Both formats share identical support for: tags, uuid, license, release, creator, report, readme, help, logo_url, doi, source_metadata.

Inputs

Native: Inputs are steps. A dataset input is a step with type: data_input and relevant configuration in tool_state:

{
  "0": {
    "id": 0,
    "type": "data_input",
    "label": "Input BAM file",
    "name": "Input dataset",
    "tool_state": "{\"optional\": false, \"format\": [\"bam\"], \"tag\": null}",
    "input_connections": {},
    "outputs": [],
    "workflow_outputs": []
  }
}

Format2: Inputs are first-class citizens with a dedicated section:

inputs:
  input_bam:
    type: data
    doc: "Aligned reads in BAM format"
    format: bam
    optional: false

Format2 shorthand: input_bam: data — a single word declares a required dataset input.

Key differences:

  • Format2 uses type aliases (data instead of data_input, integer instead of parameter_input with parameter_type: integer)
  • Format2 flattens tool_state fields (format, optional, collection_type) to top-level input properties
  • Format2 supports array type notation ([string] for multi-valued params)
  • Native represents every input as a full step object with position, uuid, errors, outputs etc.

Steps

Native: Steps are a dict keyed by string integers. Each step carries the full module state:

{
  "1": {
    "id": 1,
    "type": "tool",
    "content_id": "toolshed.g2.bx.psu.edu/repos/iuc/featurecounts/featurecounts/2.1.1+galaxy0",
    "tool_id": "toolshed.g2.bx.psu.edu/repos/iuc/featurecounts/featurecounts/2.1.1+galaxy0",
    "tool_version": "2.1.1+galaxy0",
    "tool_shed_repository": {
      "changeset_revision": "...",
      "name": "featurecounts",
      "owner": "iuc",
      "tool_shed": "toolshed.g2.bx.psu.edu"
    },
    "tool_state": "{\"alignment\": {\"__class__\": \"ConnectedValue\"}, ...}",
    "input_connections": { ... },
    "outputs": [ ... ],
    "workflow_outputs": [ ... ],
    "post_job_actions": { ... },
    "position": {"left": 660, "top": 340},
    "annotation": "",
    "label": "Count features",
    "uuid": "...",
    "when": null,
    "errors": null
  }
}

Format2: Steps are a dict keyed by labels. Only non-default values need to be specified:

steps:
  count_features:
    tool_id: toolshed.g2.bx.psu.edu/repos/iuc/featurecounts/featurecounts/2.1.1+galaxy0
    in:
      alignment: map_reads/mapped
      anno|reference_gene_sets: annotation
    state:
      anno:
        anno_select: history
        gff_feature_type: exon
    out:
      feature_counts:
        rename: "Gene Counts"

Key differences:

  • Format2 steps are identified by label, native by numeric ID
  • Format2 infers type: tool as default (explicit type only needed for pause)
  • Format2 omits content_id (redundant with tool_id), name, errors, outputs, id
  • Format2 omits position and uuid unless explicitly set
  • tool_state becomes state — structured YAML, not a JSON string

Connections

This is the most significant syntactic difference between the formats.
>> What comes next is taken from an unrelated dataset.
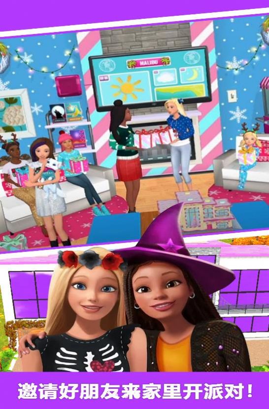创造你自己的芭比梦幻屋体验。快来参加梦想之家的各种好玩的活动,烘焙、跳舞或者经典的泳池派对。开着我的粉色敞篷车,出发去探索马里布,参加更多有趣的活动。另外,请帮我和我的朋友们打扮一下,拍出漂亮的照片。

Native: Connections are in input_connections, referencing steps by numeric ID:

"input_connections": {
  "library|input_1": {
    "id": 0,
    "output_name": "output"
  },
  "anno|reference_gene_sets": {
    "id": 4,
    "output_name": "output"
  }
}

Format2: Connections use CWL-style in with label-based references:

in:
  library|input_1: raw_reads
  anno|reference_gene_sets: annotation_file

Or the expanded form:

in:
  library|input_1:
    source: raw_reads/output

Differences in detail:

AspectNativeFormat2
Step referencesNumeric ID ("id": 0)Label (raw_reads)
Output referencesAlways explicit ("output_name": "output")Implicit default or explicit (step/output)
Syntaxinput_connections dict of {id, output_name}in dict of strings or {source} objects
Multiple sourcesArray of connection dictssource: [step1/out, step2/out]
DefaultsNot in connectionsdefault: value alongside source
Subworkflow routinginput_subworkflow_step_idImplicit from subworkflow input labels

Format2 also supports an alternative connect key (equivalent to in) and $link directives inside state for deeply nested parameter connections:

state:
  nested_section:
    deep_param:
      $link: upstream_step/output

This has no native equivalent — in native format, any connected value is {"__class__": "ConnectedValue"} in tool_state and the actual connection source is in input_connections.

Tool State

Native: A JSON-encoded string inside JSON. Double-encoded with special markers:

"tool_state": "{\"alignment\": {\"__class__\": \"ConnectedValue\"}, \"anno\": {\"anno_select\": \"history\", \"__current_case__\": 2, \"reference_gene_sets\": {\"__class__\": \"ConnectedValue\"}, \"gff_feature_type\": \"exon\"}, \"__page__\": null, \"__rerun_remap_job_id__\": null}"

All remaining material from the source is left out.